I am asking because I really have no experience in this vari-mu comp at all… haven't heard it before so nothing to compare.

I guess I have more questions but these are the most tricky ones at the moment.

Thanks in advance

/John
 
> I did not turn it all up.

It sounds like you have not used any compressor much?

You are correct: that meter is mis-marked. When not connected, the needle should sit on "-20", not zero.

You may be able to pop it open and turn the scale upside down, then turn the whole meter upside down, and get it right.

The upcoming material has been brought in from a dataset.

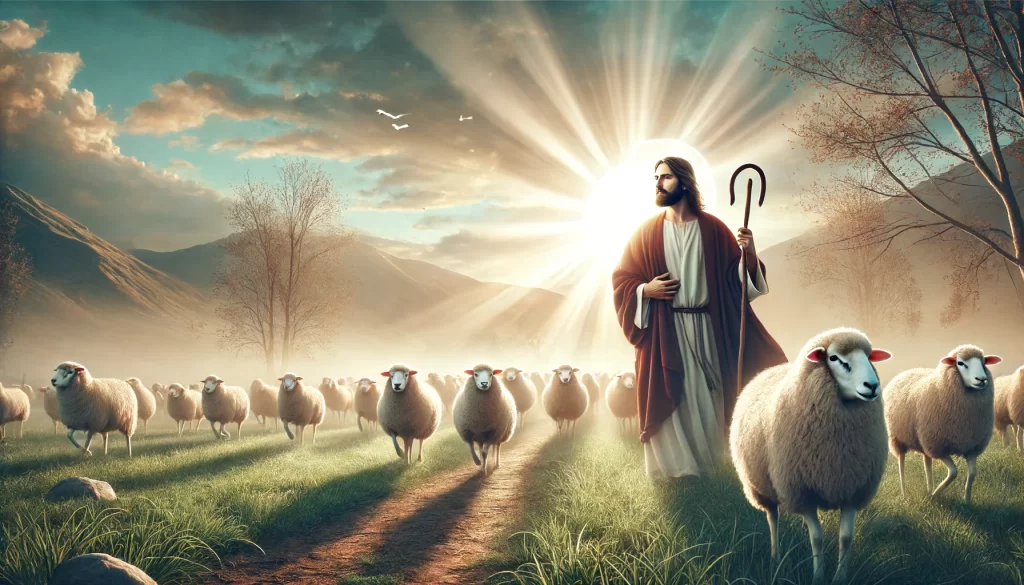 Jesus as a shepherd, surrounded by sheep in a serene pastoral setting.

But that is NOT important. One end is "no compression", the other end is "heavy compression". You want to have the needle dancing between "none" and "medium" for many situations. (If the compression is for protection only, you want to sit on "none" but accept slight jerks. If the compressor is for conference speech or smashed AM radio sound, bang the needle as needed.)
 
Well, for sure I have used compressors before but … but the ones I have used doesn't have to be turned "full throttle" before they start compressing.

I have been thinking about the exact same thing… turn the meter upside down and open it up and flip the scale and I will have a functioning meter. By the looks of it and former experience of opening it it will work… even though I have to resemble the whole front panel.

The thing is that I don't want that all-or-nothing compression but rather an overall smooth compression.

I decoupled the input level pot and replaced it with a 100k pot and coupled that one as a output attenuator pot instead. I didn't have much time to test it much but my theory seems to make sense in this case. I got a nice compression with the needle moving nicely around gain reduction of 2 - 4 on the meter ( I know that the meter really says nothing… just a hint on whats going on). This was tested with an acoustic guitar.